When we see these “weeds” of this world and the terrors of our planet, we often say the opposite of the field owner in the Parable of the Weeds: “God did this!” we cry. Nearly everyone who witnesses suffering or experiences it suddenly becomes a Calvinist: God must be doing this, we think, How unfair! We assume the only thing powerful enough to enact evil is the God we were told was good. All the while, we’re told in this mysterious little story of Jesus, the complete reverse of our theology: “An enemy did this,” he says (Matthew 13:28).
Not everything that happens in this world is God’s will. This is why we must pray for his will to be done “on earth as it is in heaven,” as the Lord’s prayer commands us to pray. We must be led out of temptation, “delivered” from the “evil one” and led into the “land of the living.” We must be saved—there is no other route. It makes me think of a wonderful quote from David Bentley Hart in his masterful essay, “Tsunami and Theodicy” (which was adapted into a great book, The Doors of the Sea): “I can imagine none greater than the happy knowledge that when I see the death of a child I do not see the face of God, but the face of His enemy.”
All the more happy thought to know what God does to his enemies. Their sure and certain defeat is coming and our only hope is his grace, that we may not be swept away with the weeds, but held close as those for whom God came to harvest. He is—truly—our only hope.
I owe so much of my thinking on Sin to Fleming Rutledge in her masterful, The Crucifixion: Understanding the Death of Jesus Christ (Grand Rapids: Eerdmans, 2015), pgs. 162-204. This quote in particular comes from page 195.
I really love this, and agree we so often miss talking about these points about the nature of evil and sin. A good example i heard (and use often) is that cold and hot aren’t opposites. Cold is simply the absence of heat. Evil is the absence of God, a separation for all that is life! Great essay!
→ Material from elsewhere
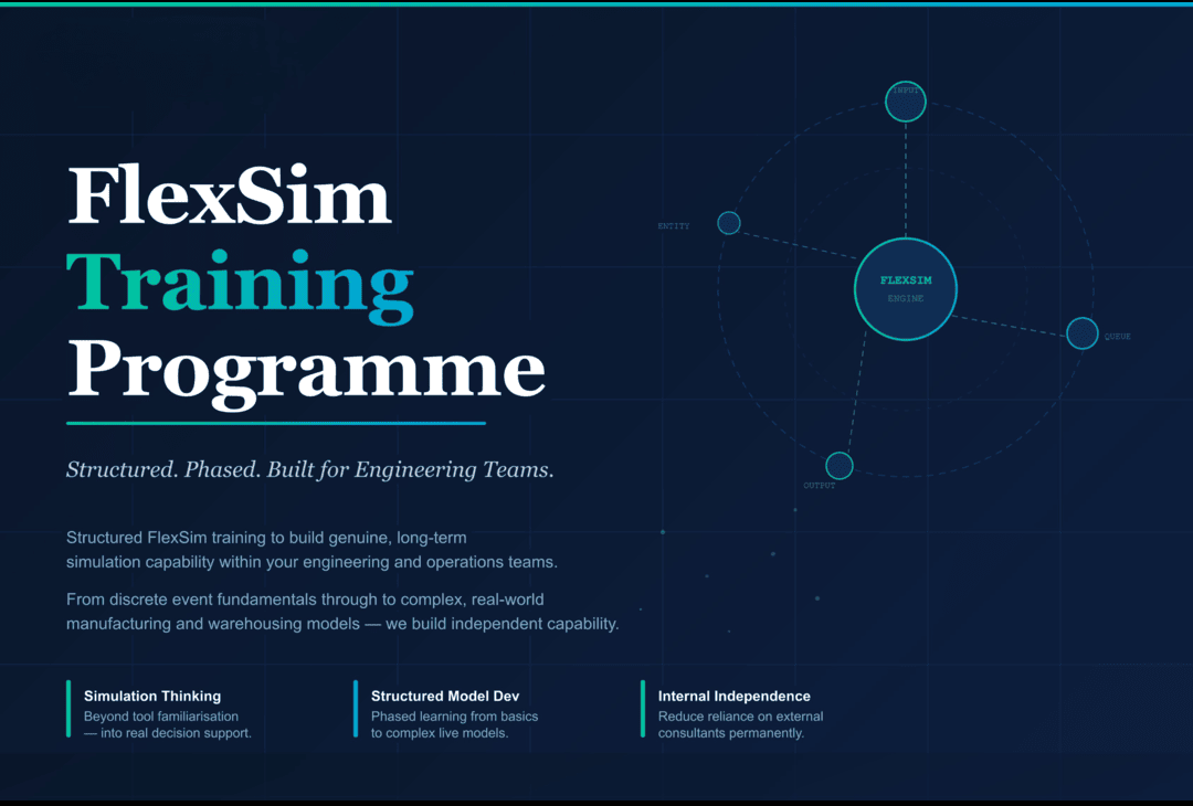 FlexSim training is a structured learning programme that teaches engineers and operations professionals how to build, run, and interpret Discrete Event Simulation (DES) models using Autodesk FlexSim software. Training covers manufacturing lines, warehousing systems, material flow, AGV/AMR automation, and process optimisation — progressing from foundational to advanced modelling skills.
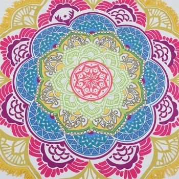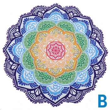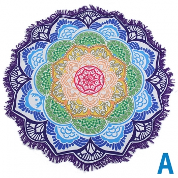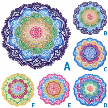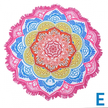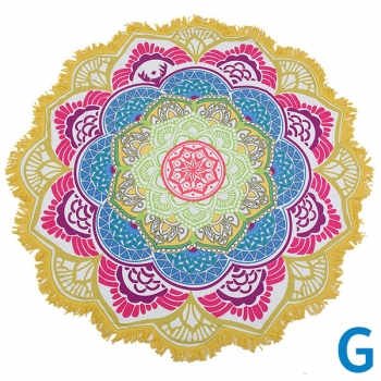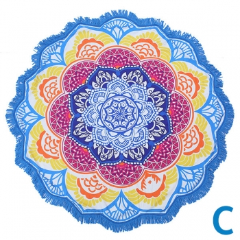 Bohemian Style Floral Printed Round Shape Beach Towel Cushion

Chris—you should read that part of my book. There was a choice between two trees, as you well know. There is a long history in mythologies of mortality, demigods and humans. The choice is of knowledge, an explanation of reflective thought. There was an order not to touch either tree. Imagine that the choice was to eat from the tree of Life. It would not account for reflective thought, (DeCartes, “I think, therefore I am”). And, in fact, it is set up to blame the woman. It also explains, of course, pain in childbirth. If this seems extraordinarily irritating, please delete.